HNSW (Hierarchical Navigable Small World Graph) 1603.09320 Efficient and robust approximate nearest neighbor search using Hierarchical Navigable Small World graphs

I thought it was a higher-dimensional version of Skip List, and that’s what the paper itself said.

In a situation where we want to find a vector that is close to a given vector among a large number of vectors, a naive implementation would be O(N)

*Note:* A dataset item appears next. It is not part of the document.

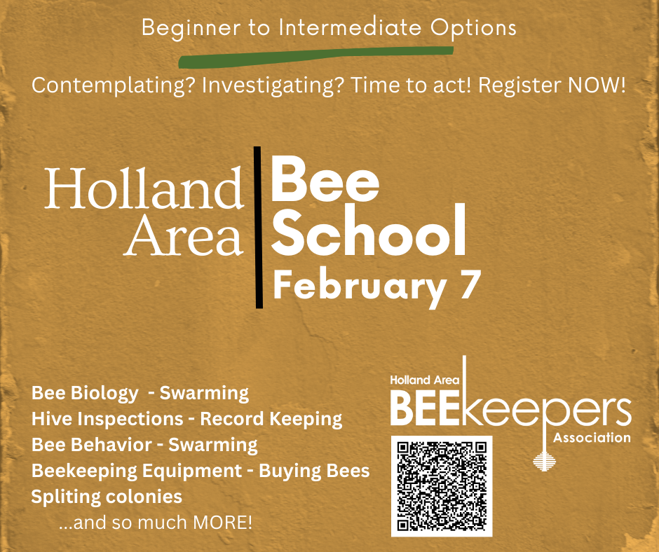 As a special bonus, with paid registration to Holland Bee School, you will also receive a coupon code for FREE registration to the 2/22/25 Winter Virtual Conference hosted by the Sustainable Beekeeping Guild of Michigan (SBGMI), a $55 value.

  • Need a better way for cases where this is a problem.
  • Conventionally, there was a method of spatial partitioning in 1 to 3 dimensions (kd-tree), but the vectors we are now envisioning have 1000 or so dimensions, so it is difficult to use.
  • Performance of methods using proximity graphs comparable to kd-tree and [LSH
  • As an improvement, Navigable Small World (NSW, also known as Metricized Small World, MSW) was released.
    • = graphs with logarithmic or polylogarithmic scaling of the number of hops during the greedy traversal with the respect of the network size
    • “An NSW graph is constructed by inserting a sequence of elements in random order and connecting them bi-directionally to the M nearest neighbors from the first inserted element.”
    • “Links to the nearest neighbors of elements inserted at the beginning of the construction later become bridges between network hubs, maintaining overall graph connectivity and allowing logarithmic scaling of hop counts during greedy routing.”
    • I’m not sure what you’re talking about, so I’ll go back to the paper.
    • Approximate Nearest Neighbor Search Small World Approach
      • The search method is to repeatedly transition from the start vertex to the “shortest distance adjacent vertex” and return it when the local minimum is reached.
        • Multisearch does it in parallel, starting from a random starting point
      • About adding vertices
        • image
        • 2: Perform multiple searches
        • 3: Follow the link one step further from the local minima
        • 4: Sort and link the k books from the nearest to the first.
        • In short, the points closest to the query in each randomly selected cluster are selected and connected in order of proximity, including their surroundings.
          • So if there is only one cluster nearby, only that cluster will have a link.
          • If a point in the query comes to a position that bridges multiple clusters, a link is generated to connect the clusters.
  • And this proposal is a hierarchical version of this one.
    • Maximum layer l is randomly selected with an exponentially decaying probability distribution.

      • This allows vertices that can enter higher layers to form a longer distance network
      • Vertexes that only enter the lower levels network with nearby vertices.
    • The search is hierarchical, with the upper layers searched, and then the results are searched in the lower layers using the results as a starting point.
      • After getting off at Narita Airport on an international flight, take the train to Tokyo Station and walk to the Cybozu office.
      • image

application

Hierarchical Small World


This page is auto-translated from [/nishio/Hierarchical Navigable Small World Graph](https://scrapbox.io/nishio/Hierarchical Navigable Small World Graph) using DeepL. If you looks something interesting but the auto-translated English is not good enough to understand it, feel free to let me know at @nishio_en. I’m very happy to spread my thought to non-Japanese readers.